Esta última fase de la obra de Cristo en el santuario celestial produjo en el mundo un despertar misionero que no ha tenido parangón desde que se inició la iglesia. Surgieron nuevas sociedades misioneras en todo el mundo cristiano; millares de misioneros dejaron las costas de Norteamérica y Europa, para informar luego a sus países de origen que en todas partes del mundo se producían conversiones en masa. Esta vasta y veloz expansión misionera evidencia que el misionero en jefe es Cristo mismo, quien mediante sus delegados en la tierra está conduciendo su misión hacia el fin. Porque, no nos equivoquemos, el tremendo reavivamiento religioso y el despertar evangélico, la expectación universal por la pronta venida del Rey, y el súbito surgimiento de las sociedades misioneras, todas características de la primera mitad del siglo XIX, no fueron meramente el resultado de factores socioeconómicos o psicológicos, como muchos quieren hacernos creer. Son el resultado directo de la obra de Cristo. Toda misión tiene su origen en él. Él es quien envía. El impulsa a las personas y obra en ellas, inspirándoles tanto el querer como el hacer por su propio propósito escogido (véase Fil. 2:13). Y ese propósito es claro: poner fin a su misión y restaurar el reino.
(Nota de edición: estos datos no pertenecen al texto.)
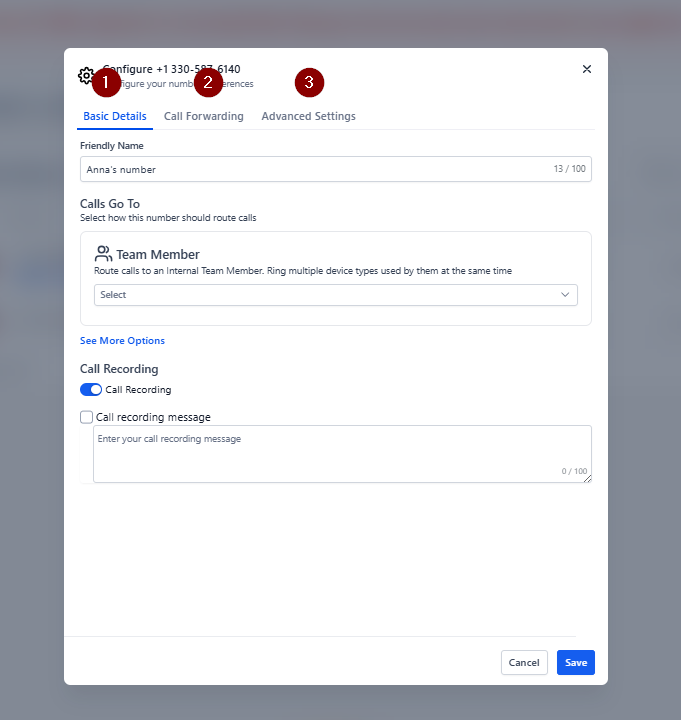 - Here you can select how this number should route calls and which team member it should be routed to. (1st Priority)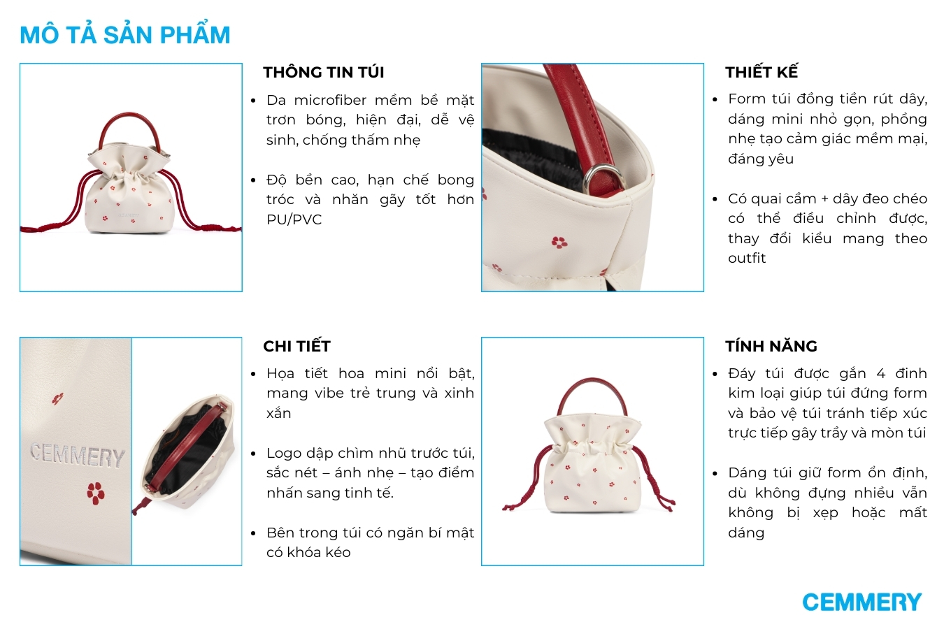 - Thiết kế: Logo CEMMERY dập chìm tinh tế, kết hợp dây rút chắc chắn để bảo vệ đồ dùng bên trong. Hoạ tiết cánh hoa in lụa nhỏ trải đều phần thân túi, đồng bộ cùng ví Bloom Wallet tạo thành bộ đôi đáng yêu.

EL SURGIMIENTO DE LA IGLESIA ADVENTISTA DEL SEPTIMO DIA

            Fue esta convicción de que Cristo había entrado en la fase final de su misión, es decir, llevar a cabo la restauración de todas las cosas mediante su obra de juicio, lo que trajo a la existencia a la Iglesia Adventista del Séptimo Día, que es actualmente el movimiento protestante más extenso. Este pueblo piensa que Dios lo llamó para participar de la propia misión de Cristo de preparar al mundo para su inminente regreso. Su misión es presentar de tal manera el Evangelio, mediante un abarcante enfoque misionero, que cada persona pueda ver a Cristo como su Salvador, su Señor y su Juez, y prepararse para su pronta venida. Esta misión no consiste meramente en la enseñanza de una serie de doctrinas, sino que se trata de una misión de restauración: la restauración de la imagen divina en el hombre y la destrucción del pecado; la restauración de la santa ley de Dios y de cada principio de su reino; la vindicación de la soberanía del Omnipotente y la derrota de todo lo que sea maligno, rebelde y profano.
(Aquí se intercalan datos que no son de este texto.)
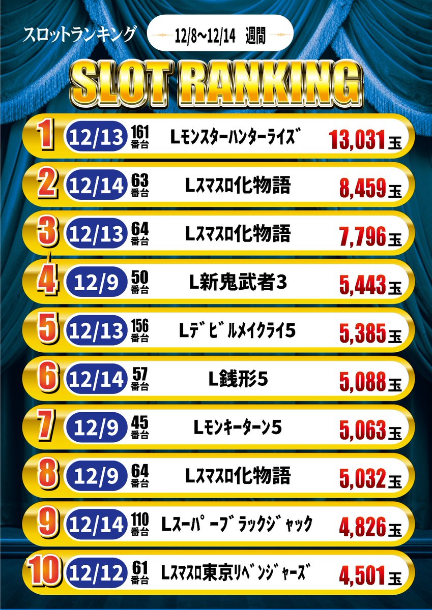 投稿本文: こんばんは!キコーナ八柱店です!! 🔥12/8~の週間ランキングが完成🔥前回に続いてパチンコ台1位は同じ台!?次の台選びの参考に! #つぶやキコーナ #八柱 #ランキング さらに表示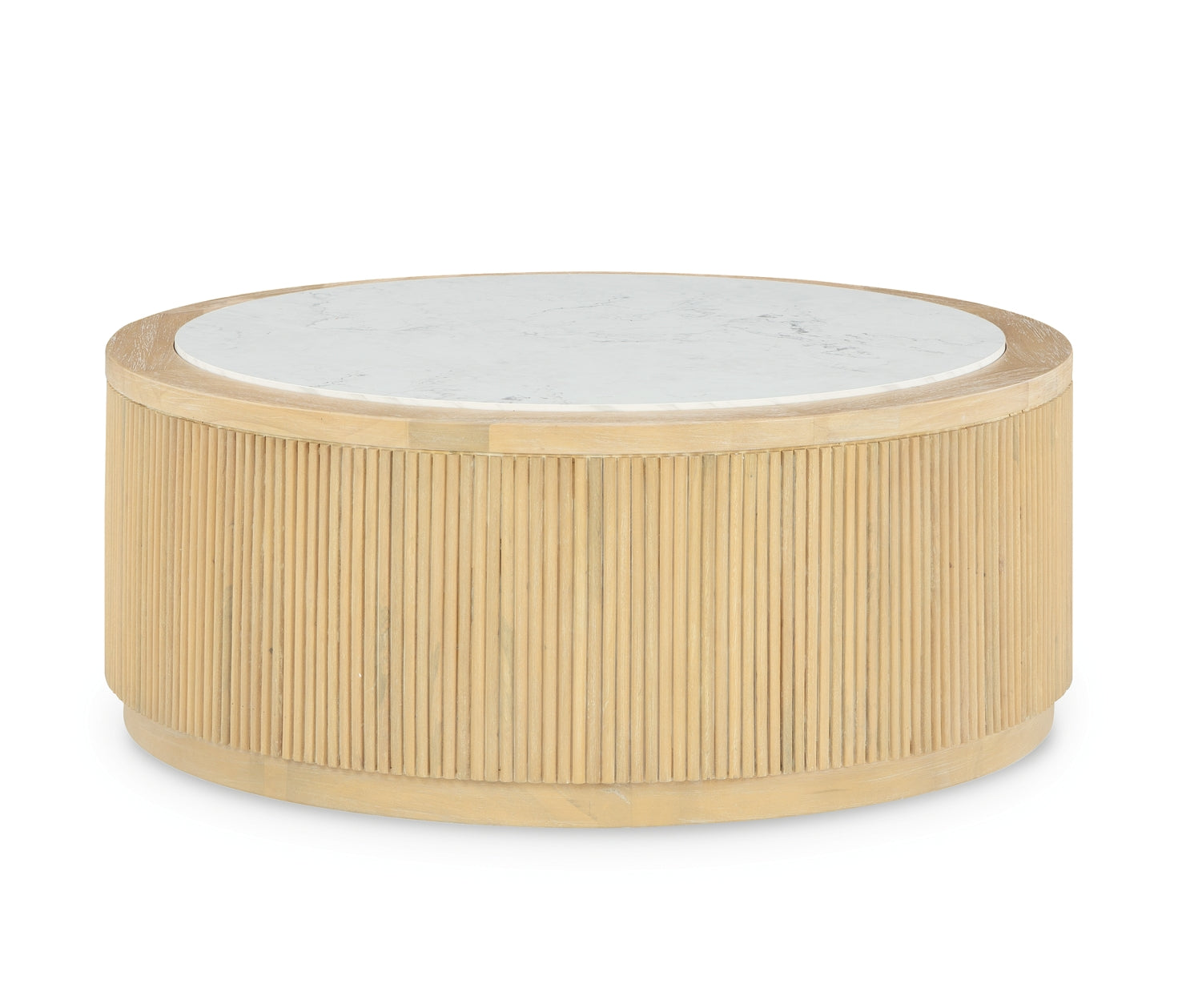 Elegance meets earthy charm in this coffee table. Crafting a contemporary living room? The faux Carrara marble top expertly pairs with the reeded base for a trend-right take on day-to-day function. It’s an ideal spot to rest decorative books and accents. Or place a tray on top to hold remotes and other entertainment essentials. Casters allow you to rearrange as you please.

            No hay lugar aquí para trivialidades. Esta misión requiere que la iglesia vaya a todas partes del mundo y mueva a los creyentes a cruzar todas las fronteras: sociogeográficas, culturales, políticas y religiosas. La Iglesia Adventista del Séptimo Día no insiste en que Cristo se revela únicamente mediante su propio testimonio, pero tampoco puede dejar para otros la tarea de dar el testimonio al cual Cristo la ha llamado. Los adventistas reconocen “todo instrumento que ensalce a Cristo delante de los hombres como una parte del plan divino para la evangelización del mundo”, pero al mismo tiempo desean compartir libre y abiertamente su testimonio en todo el mundo.
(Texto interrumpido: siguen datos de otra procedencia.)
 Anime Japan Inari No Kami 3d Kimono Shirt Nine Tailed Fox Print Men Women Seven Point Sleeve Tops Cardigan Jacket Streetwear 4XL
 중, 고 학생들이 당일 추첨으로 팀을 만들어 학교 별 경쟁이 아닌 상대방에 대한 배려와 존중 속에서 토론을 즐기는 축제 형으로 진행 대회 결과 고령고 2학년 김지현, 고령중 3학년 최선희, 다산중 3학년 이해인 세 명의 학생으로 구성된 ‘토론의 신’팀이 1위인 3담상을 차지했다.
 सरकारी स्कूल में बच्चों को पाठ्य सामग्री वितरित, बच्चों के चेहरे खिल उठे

            Es necesario que la iglesia, en su misión, evite tanto un erróneo concepto de confesionalismo como un erróneo concepto de ecumenismo. Un mal concebido ecumenismo, que procura lograr una unidad de testimonio sin una declaración definida de la Palabra de Dios, como debería proclamarse actualmente, invita a la confusión y a una mayor fragmentación. Conduce a la iglesia a la desobediencia. Un erróneo confesionalismo se aferra de una confesión particular sin más razones que las tradicionales, humano-eclesiásticas, sin manifestar una actitud de apertura a la siempre dinámica Palabra de Dios, que es nuestra única fuente de verdad. La iglesia de Dios tiene necesidad constante de autoevaluación crítica, de una mayor aceptación de la Palabra de Dios y de la tarea que debe cumplir en el mundo como sierva de Cristo en la misión. (Fin de la serie.)

Sobre el autor: Profesor del Departamento de Misiones, del Seminario Teológico de la Universidad Andrews.